American marketing executive

James Blackstone Taylor III (December 14, 1921; died January 17, 2003), also known as Jim Taylor, was an American aviation executive known for his work in corporate jet marketing, specifically the Pan Am Falcon, the Cessna Citation, the Canadair Challenger, and the Gates Learjet. Taylor served as president at Canadair from 1976 to 1985 and president and chief executive officer at Gates Learjet Corporation from 1985 to 1988.

==Early life and education ==
Taylor was born on December 14, 1921, in New York City, the third of six children to James Blackstone Taylor Jr, and Aileen (Sedgwick) Taylor Lippincott. He took his name and passion for airplanes from his father, James Blackstone Taylor Jr., also an aviation enthusiast. He graduated from the Taft School in Watertown, Connecticut in 1940 and in 1942 became the first high school graduate to be accepted by the US Navy for naval cadet flight training in World War II. His father, a renowned naval test pilot, was killed testing new aircraft that same year.

==Career==
Like his father, Taylor became a naval test pilot and later a flight instructor and carrier-based fighter pilot for four years.
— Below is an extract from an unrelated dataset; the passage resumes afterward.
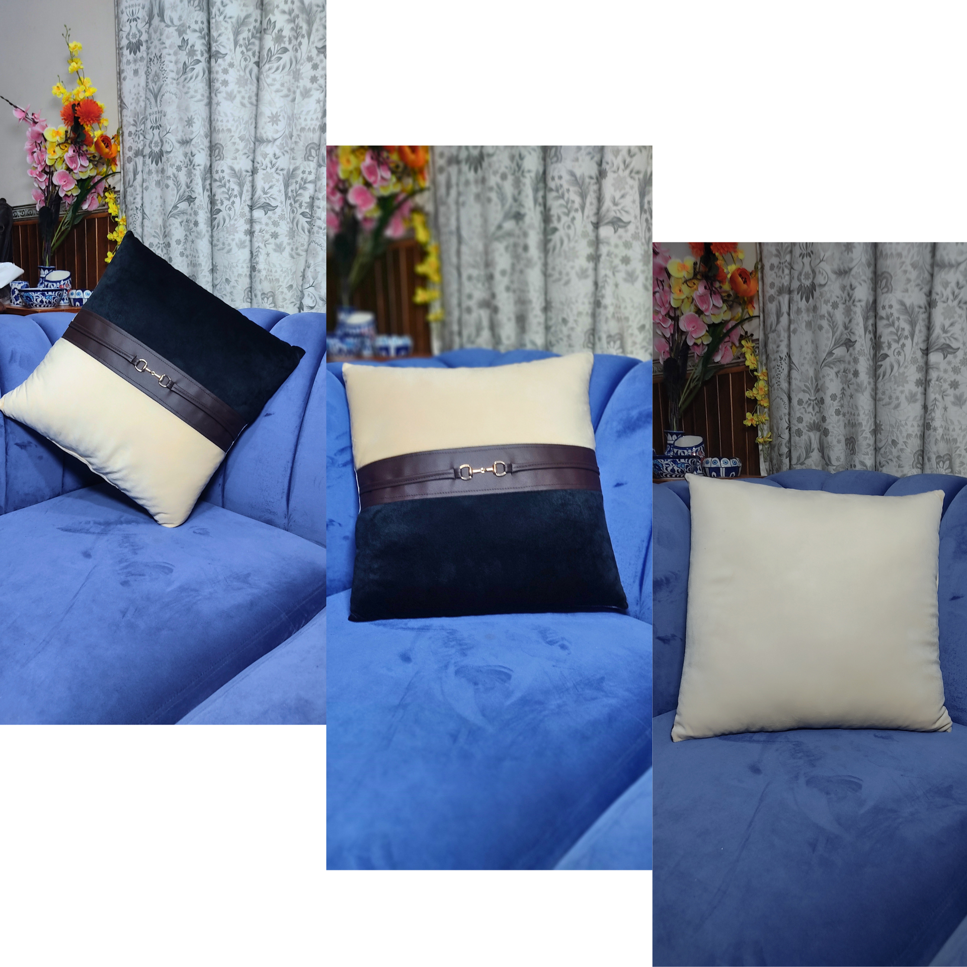Bring for you Best Quality Velvet Filled Cushion for comfort, style and durability, These filled cushion made from best quality velvet fabric with middle synthetic leather and metal hook.

After leaving the Navy in 1946, Taylor flew DC-3s for a nonscheduled airline, but the carrier folded six months later. Then, moving to Teterboro, New Jersey–based Mallard Air Service, his marketing career began selling the North American Navion. One of his first sales was made to radio and TV personality Arthur Godfrey and Taylor could often be found serving as pilot for the entertainer's aircraft on the weekend.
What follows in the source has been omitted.